29/07/2024
Insights Blog

The Department of Enterprise, Trade and Employment has published the General Scheme of the Registration of Limited Partnerships and Business Names Bill 2024, containing proposals to reform the Limited Partnerships Act 1907.  It consulted on possible reforms in January 2019.

Below are the key proposals from the General Scheme (which may be amended before the Bill itself is formally published).

REGISTRATION

  • At the moment, when a limited partnership (LP) is registered, it can then move its principal place of business (PPOB) outside Ireland.  The General Scheme proposes that LPs be required to maintain an ongoing connection with Ireland via an Irish registered office or PPOB. The General Scheme refers in different places to an LP having an office and PPOB, or an office or PPOB – the exact requirement should be clarified when the Bill itself is published.
  • Applicants will need to demonstrate that the LP will carry on an economic activity in Ireland and that at least one general partner (GP) will be EEA-resident or have an EEA PPOB for the life of the LP. Information must be provided on the principal activity of the LP (rather than the general nature of its business, as is currently the case).
  • There is formal confirmation that a body corporate can be a GP in an LP (reflecting the view in practice).
  • An LPs name must end with ‘limited partnership’ / ‘lp’ / ‘l.p.’ (or Irish equivalent).
  • LP certificates issued by the Registrar would clarify that an LP is a business agreement, not a separate legal entity. Registration as an LP would take effect from the date on the certificate of registration, and not earlier (a number of respondents to the 2019 consultation had suggested that, rather than failure to register rendering an LP a general partnership, the consequences should instead be dealt with by way of (for example) penalties against the GP, but this suggestion is not reflected in the General Scheme).
  • LPs must notify the Registrar of changes to registered information within 14 days. Failure to do so could lead to the removal of the LP from the register (rendering it a general partnership with the consequent loss of limited liability protection for the limited partners).

TRANSITION PERIOD

When the new legislation is commenced, existing LP registrations will be protected.  The Registrar will then have 30 months to:

  • Identify and remove 1907 LPs that have ceased to operate from the register.
  • Notify existing 1907 LPs of the steps required to re-register or remove themselves from the register.
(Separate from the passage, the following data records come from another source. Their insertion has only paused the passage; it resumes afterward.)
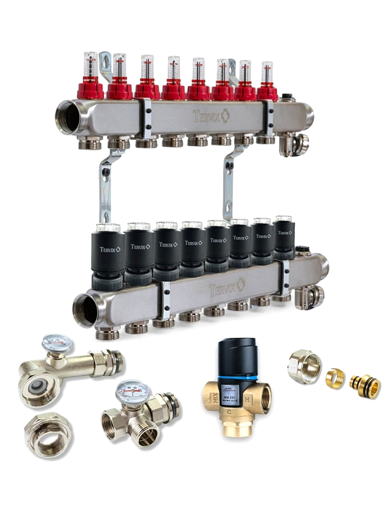 1. Змішувальний вузол 1" для теплої підлоги Tervix Pro Line Mixset без насоса
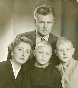 | Kai Bronė Elertienė pradėjo dirbti Kraštotyros muziejuje, sūnūs Audrius ir Montanas buvo kiek ūgtelėję. O vėliau jie tapo ir neblogi mokslinės bendradarbės, dar po kelerių metų - Kraštotyros muziejaus direktorės pagalbininkai. Pirmoje eilėje iš kairės - Bronė, sūnūs Audrius bei Montanas ir šeimos galva Kęstutis Elertas. |
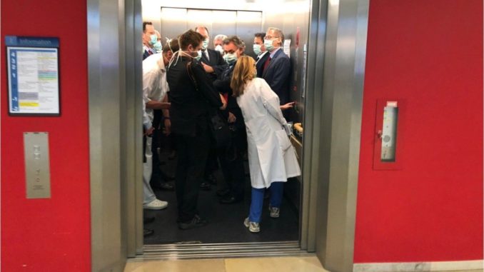 Wie bekommt man die Politiker Bouffier, Spahn, Klose, Braun und Bußer während der Corona-Zeit in einen Aufzug? Man macht die Tür auf.“ So kommentiert die „hessenschau“ ein Bild, das Jens Spahn und Kollegen des Gesundheitsministers auf engstem Raum in einem Fahrstuhl zeigt.
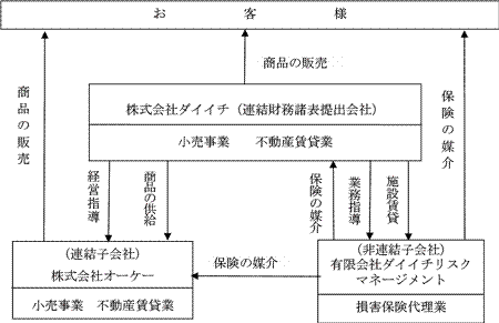 Section titled “3【事業の内容】”当社グループ(当社及び当社の関係会社)は、当社及び子会社2社で構成され、小売業を主な内容として、事業活動を展開しております。また、当社グループは、食料品主体のスーパーマーケット事業及びこれらの付帯業務の単一セグメントであります。
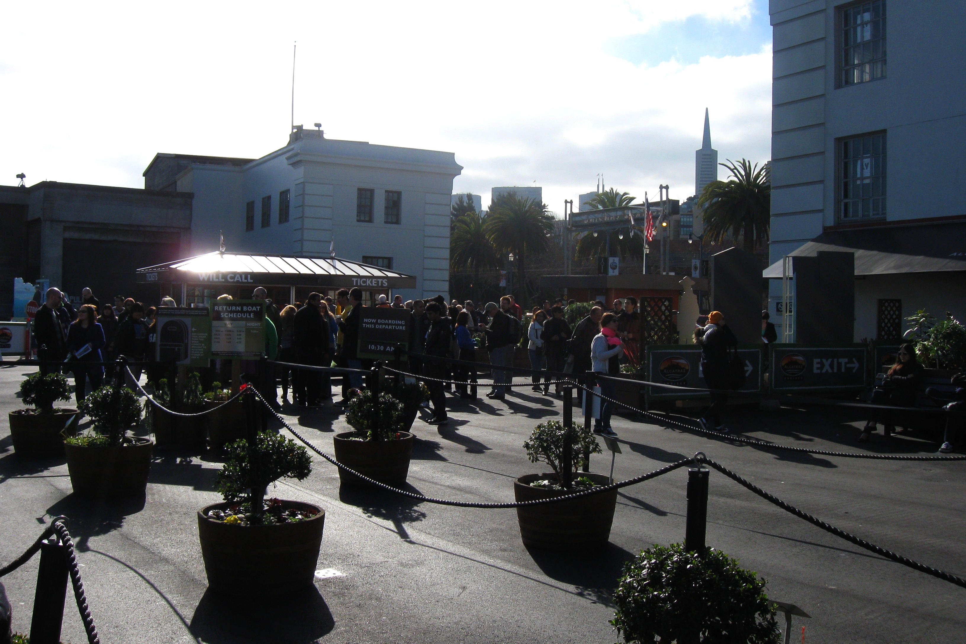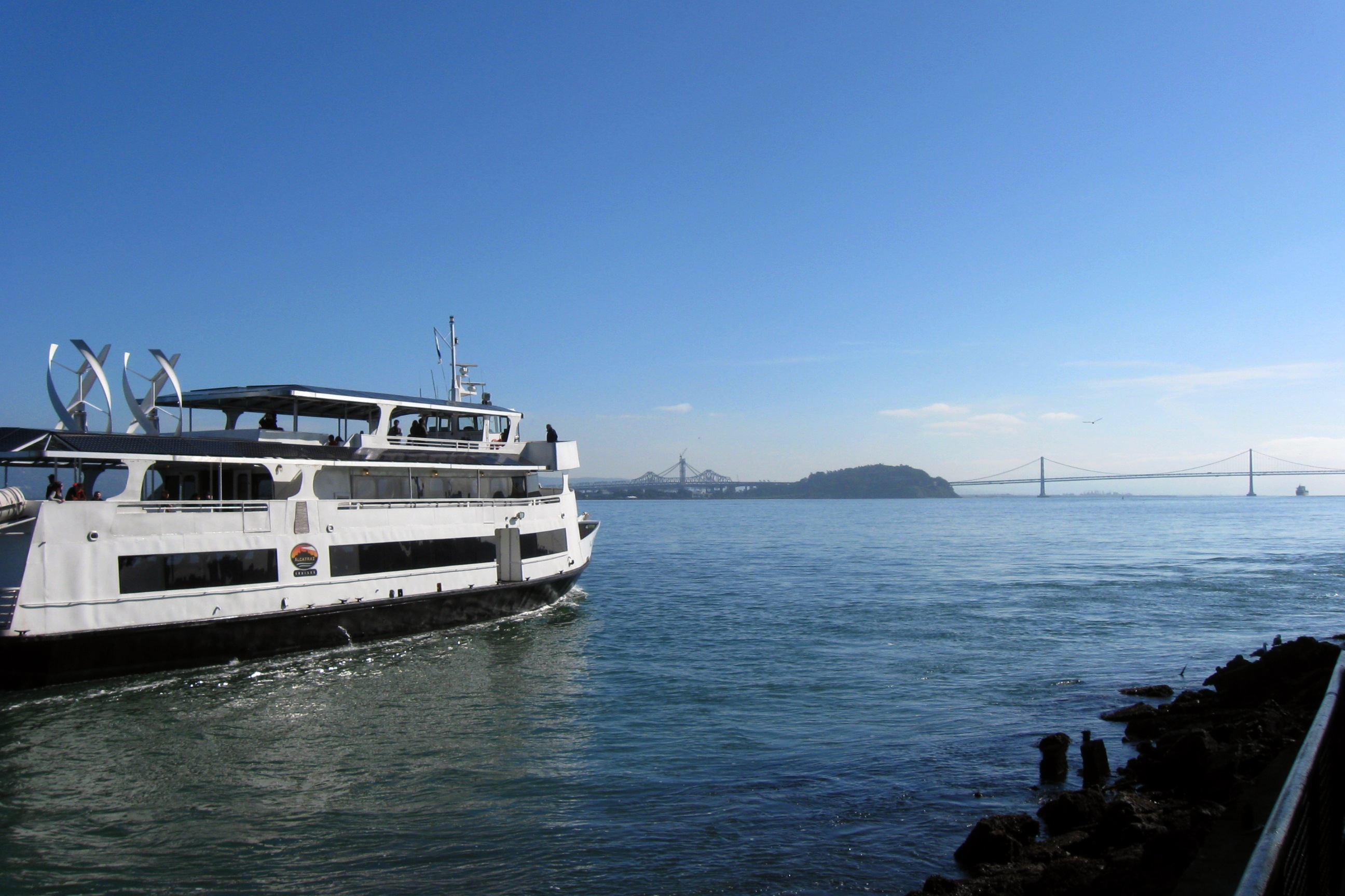 The drive from Morgan Hill to Pier 33 on the Embarcadero takes about 70 minutes. We didn’t get off until 8:53 and our ferry left at 10:30, so we were cutting it a little close. Still, not to worry, because there is a parking lot directly across from the pier. We got there, as expected, a few minutes after 10. I queued up to buy a ticket from the self-service machine – the only machine in the lot. And it jammed. After wasting a few minutes seeing if it could be fixed, I gave up, hustled Jett back into the rental car and drove off, madly searching for another parking lot. We found one about two blocks away, parked, hustled back to the pier and queued up to get our prepaid tickets. The line was short, thankfully, because the ferry was already boarding when I got to the window. We made it, but with less than 5 minutes to spare.

An LP will then have 12 months to re-register once it receives a notice, or the Registrar may remove it from the register.

REPORTING

The General Scheme proposes that each LP file an Annual Confirmation Statement by 1 July each year confirming its registered details.  This would not replace the requirement to file notices of changes as they occur, or the requirement for qualifying LPs to file annual financial accounts.

STRIKE-OFF

  • An LP would be able to apply to be removed from the register.
  • The Registrar would also be able to strike an LP from the register via a staged removal process which would give an LP several opportunities to rectify any issues.  Key compliance points for LPs will be the requirement to have a registered office / PPOB in the State; the Annual Confirmation Statement requirement; and the requirement to disclose beneficial ownership information (see below).  If an LP is struck-off, there would be a process for restoring it if it regularises its affairs.

BENEFICIAL OWNERSHIP

The General Scheme proposes a Register of Beneficial Ownership of partners who are incorporated or administered outside the EEA.  That information must be provided within 6 months of registration of a new LP under the new legislation, or within 12 months of a 1907 Act partnership receiving a re-registration notice from the Registrar (see above).

OTHER POINTS TO NOTE

Some key suggestions made to the Department in response to its 2019 consultation, which have not been reflected in the General Scheme, include:

  • In line with the approach taken in the UK under the Legislative Reform (Private Fund Limited Partnerships) Order 2017), introducing a specific category of limited partnerships in which limited partners can avail of a ‘white-list’ of permitted actions that they can take without risking loss of their limited liability.
  • Removing the requirement for limited partners’ capital contributions to be specified in documents filed with the Registrar, and / or completely removing the requirement for limited partners to make capital contributions.
  • Removing the requirement for a limited partner to return any capital contribution withdrawn from the LP before the end of its term.
  • Removing the limit on the number of limited partners (20) (notwithstanding that it was removed some time ago in the UK and in Northern Ireland).